> _Your assignment_: No pictures go in the copy. Restate, word for word, each line from the one containing "White Chocolate Covered" through the last line below.

> _Record extracts_:
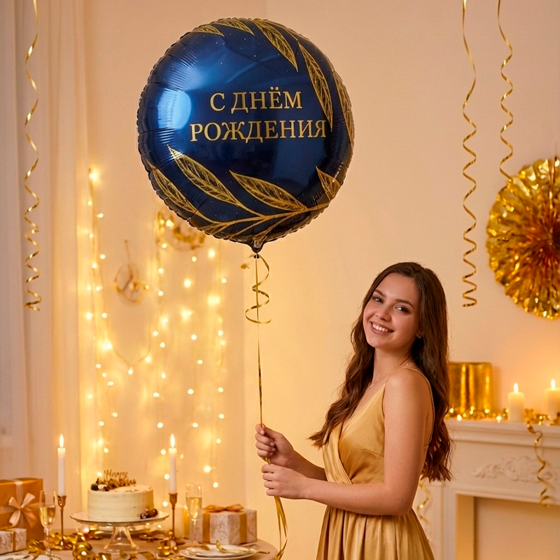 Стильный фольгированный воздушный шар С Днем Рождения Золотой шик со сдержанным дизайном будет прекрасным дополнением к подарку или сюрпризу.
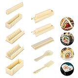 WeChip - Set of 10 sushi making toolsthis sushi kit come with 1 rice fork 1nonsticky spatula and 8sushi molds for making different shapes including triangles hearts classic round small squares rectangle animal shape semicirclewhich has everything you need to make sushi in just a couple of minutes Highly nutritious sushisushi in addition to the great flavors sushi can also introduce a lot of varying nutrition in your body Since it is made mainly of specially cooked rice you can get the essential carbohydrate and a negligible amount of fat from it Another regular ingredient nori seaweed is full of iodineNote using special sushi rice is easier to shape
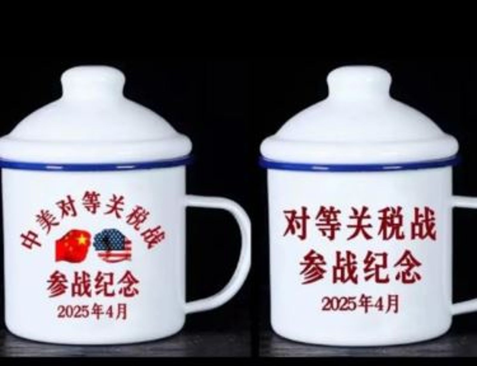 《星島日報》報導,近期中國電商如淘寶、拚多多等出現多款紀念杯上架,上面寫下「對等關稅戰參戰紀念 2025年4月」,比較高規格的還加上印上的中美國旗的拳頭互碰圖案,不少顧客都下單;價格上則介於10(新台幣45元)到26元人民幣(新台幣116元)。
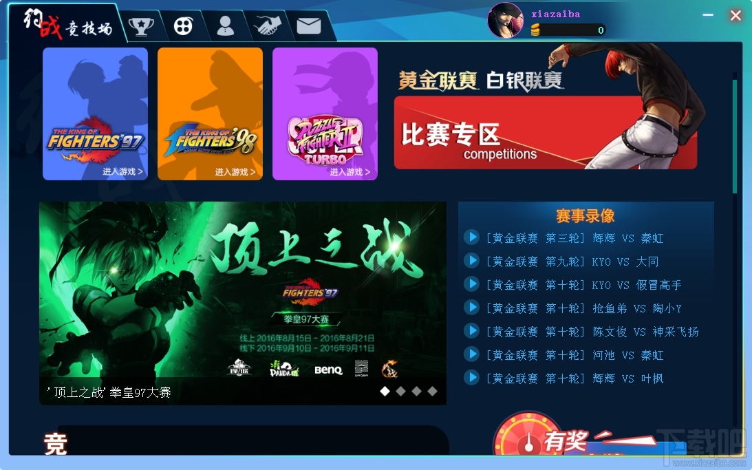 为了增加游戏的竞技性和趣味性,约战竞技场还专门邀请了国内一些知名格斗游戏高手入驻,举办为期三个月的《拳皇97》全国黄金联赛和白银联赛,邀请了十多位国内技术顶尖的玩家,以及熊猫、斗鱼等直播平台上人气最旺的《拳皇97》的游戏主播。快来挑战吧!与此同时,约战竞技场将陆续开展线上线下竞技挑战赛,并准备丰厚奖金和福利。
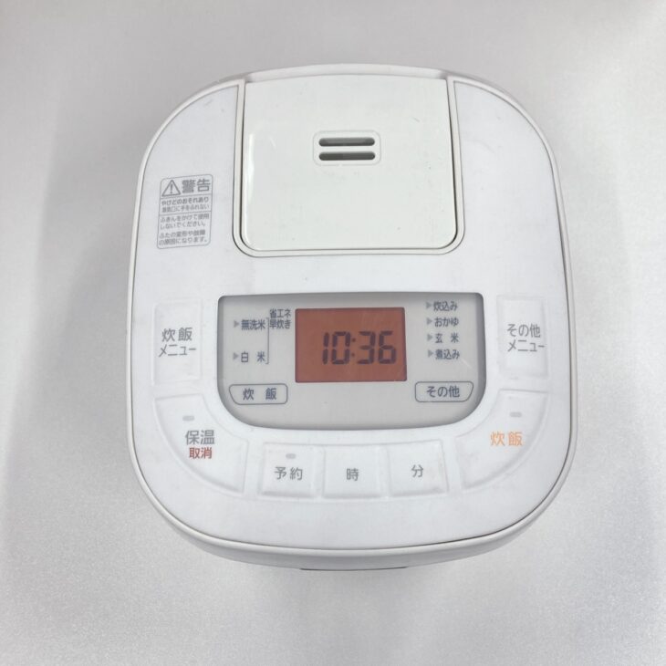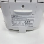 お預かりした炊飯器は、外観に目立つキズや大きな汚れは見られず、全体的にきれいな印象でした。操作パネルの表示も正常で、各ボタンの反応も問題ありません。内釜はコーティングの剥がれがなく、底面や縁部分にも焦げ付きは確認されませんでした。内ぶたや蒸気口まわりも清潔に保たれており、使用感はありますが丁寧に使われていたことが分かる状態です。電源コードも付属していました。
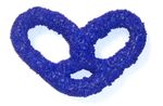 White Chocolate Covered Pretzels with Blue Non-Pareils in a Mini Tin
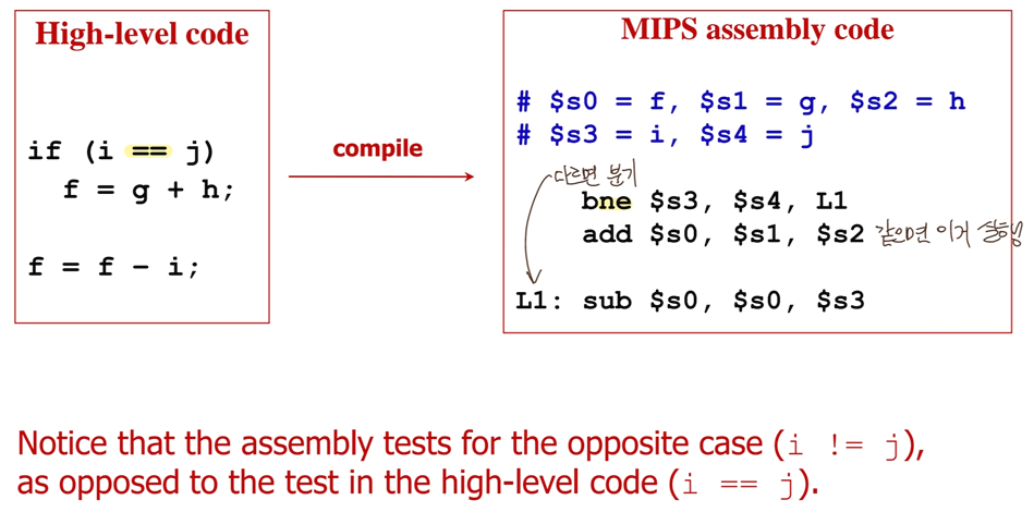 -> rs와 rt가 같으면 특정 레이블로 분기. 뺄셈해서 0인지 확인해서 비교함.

> _Completed task_:
 White Chocolate Covered Pretzels with Blue Non-Pareils in a Mini Tin
 -> rs와 rt가 같으면 특정 레이블로 분기. 뺄셈해서 0인지 확인해서 비교함.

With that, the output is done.